The risks of long distance running

This year’s London marathon saw the tragic death of Claire Squires. Subsequent media stories revealed that Claire’s was the eleventh such death since the event began in 1981. From this one can (in a sense) gauge the relative riskiness of marathon and long distance running as a sport. From 1981 until 2012 there have been about 850,000 competitors. Taking 4 hours as a rough race time means that competitors have collectively spent around 3.4 million hours on the course. A sometimes used risk statistic for comparative purposes is the death rate per 100 million hours of an activity, known as the FAR (Fatal Accident Rate). From this:

FAR for London marathon ≈ (100/3.4) x 11 ≈ 320 fatalities per 100 million hours

Budapest marathon 2011

How does this compare with other sports and other activities? Back in 1998 I made a study of fatal and non-fatal accident rates for a range of sports ranging from mountaineering to badminton (J. Sports, Exercise and Injury, 1998; 4:3-9). At that time the data showed the most dangerous sport was that categorised as ‘air sports’ which included aerobatics, gliding, hang-gliding, micro-lights, paragliding etc, and which had a FAR in the region of 200. Mountaineering was next highest coming in the range of 30-60, but has since been displaced into third place by caving which comes in at about 160. Water-related sports such as swimming, boating and fishing all have FARs of around 10 to 20, and horse riding comes in at 10. Sports such as rugby, soccer, hockey, cricket and badminton lie in or close to the range of 1 to 3.
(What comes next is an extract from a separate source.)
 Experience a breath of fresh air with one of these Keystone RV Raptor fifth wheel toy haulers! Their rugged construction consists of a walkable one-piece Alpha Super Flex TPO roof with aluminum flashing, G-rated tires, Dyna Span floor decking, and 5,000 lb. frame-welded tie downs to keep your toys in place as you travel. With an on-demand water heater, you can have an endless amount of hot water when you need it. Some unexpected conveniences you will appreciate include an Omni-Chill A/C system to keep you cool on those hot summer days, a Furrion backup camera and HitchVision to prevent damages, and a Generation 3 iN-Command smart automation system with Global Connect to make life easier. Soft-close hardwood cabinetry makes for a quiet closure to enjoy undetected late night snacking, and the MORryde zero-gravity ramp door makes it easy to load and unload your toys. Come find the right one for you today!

From this (see histogram) it can be seen that marathon running is at the high risk end of the spectrum in terms of the FAR yardstick when compared with other sports. This is also true if compared even with industries operating in challenging environments, such as offshore oil and gas, where the FAR as reported by the International Association of Oil and Gas Producers is in the range of 5 to 10.

More generally, within the UK, occupational fatality rates can be estimated from HSE statistics. The average FAR for all workers is around 15, rising to around 70 in construction and 240 in agriculture. Likewise, Department for Transport statistics report FARs for various modes of travel: car 9.8; motorcycle 430; pedal cycle 38; pedestrian 15; bus or coach 0.63; rail 1.5.
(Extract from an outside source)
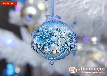 Шар «Морозное утро». Декор в технике альтер-скрап. Это уникальная техника и популярное направление в искусстве. Здесь смешиваются современные декоративные материалы и техники с какими-то старыми или заурядными вещами. Скрапбукинг, декупаж, штампинг, старые и новые пуговицы, металлическая фурнитура, структурные пасты, полимерная глина и т.д. Эффект потрясающий!

So if marathon running is so risky why do it? The answer is that participation brings huge rewards in terms of physical fitness and health, psychological benefits, and social ones too. Even businesses benefit. But the debate over the relative merits and demerits of participation in these kinds of relatively extreme pursuits has been with us for thousands of years. When the London marathon was first proposed by Chris Brasher and John Disley in the 1970s there were objections, for example, that entrance should at least be restricted to club athletes. And during the earlier 1967 Boston marathon a race official attempted to physically eject Kathrine Switzer from the supposedly all-male event on the grounds that “Anything long like 800m, or even longer, God forbid, was considered dangerous ………” for women.
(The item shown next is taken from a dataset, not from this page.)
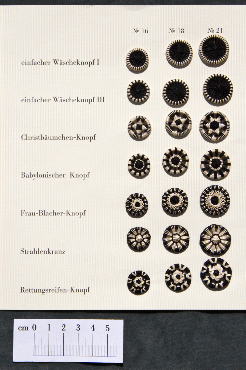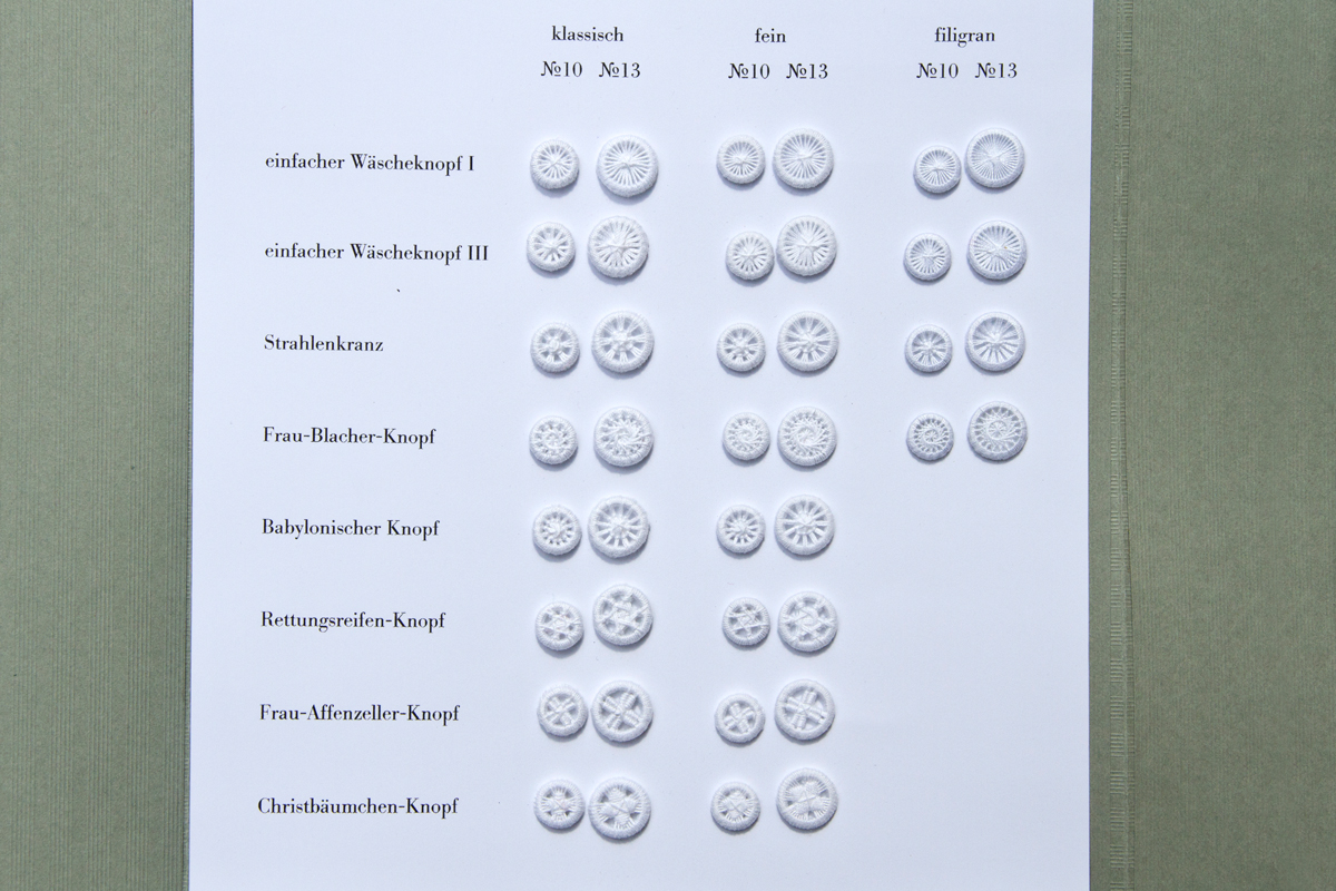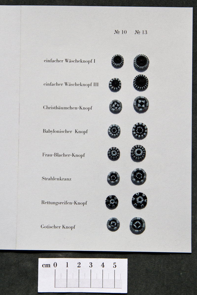 Die gängigsten Zwirnknopf-Modelle in den Größen 10, 13, 16, 18 und 21 aus Baumwollzwirn. Diese Knöpfe passen sehr gut auf Trachten- und Landhausmode. Der Wäscheknopf III in Größe 13 ist nicht verlorengegangen, sondern es gibt ihn in dieser Feinheitsstufe nicht.

Times, and views, have clearly changed, and to some extent this has been unavoidable given the accumulating evidence of the health benefits of sport. Thus, in the nineteenth century, the view of Reverend Charles Wadsworth, with reference to the Oxford and Cambridge boat race, that ‘no man in a racing boat could expect to live to the age of thirty,’ was gradually proven wrong by epidemiological research which showed life expectation to be greater for rowers than non-rowers by several years.

For a concise and enthralling account of the history of beliefs surrounding the benefits or otherwise of physical activity, see Domhnall MacAuley’s ‘A history of physical activity, health and medicine’.

The debate, of course, continues. But it does illustrate the importance of collecting evidence and not being overly reliant upon subjective opinion and prior beliefs.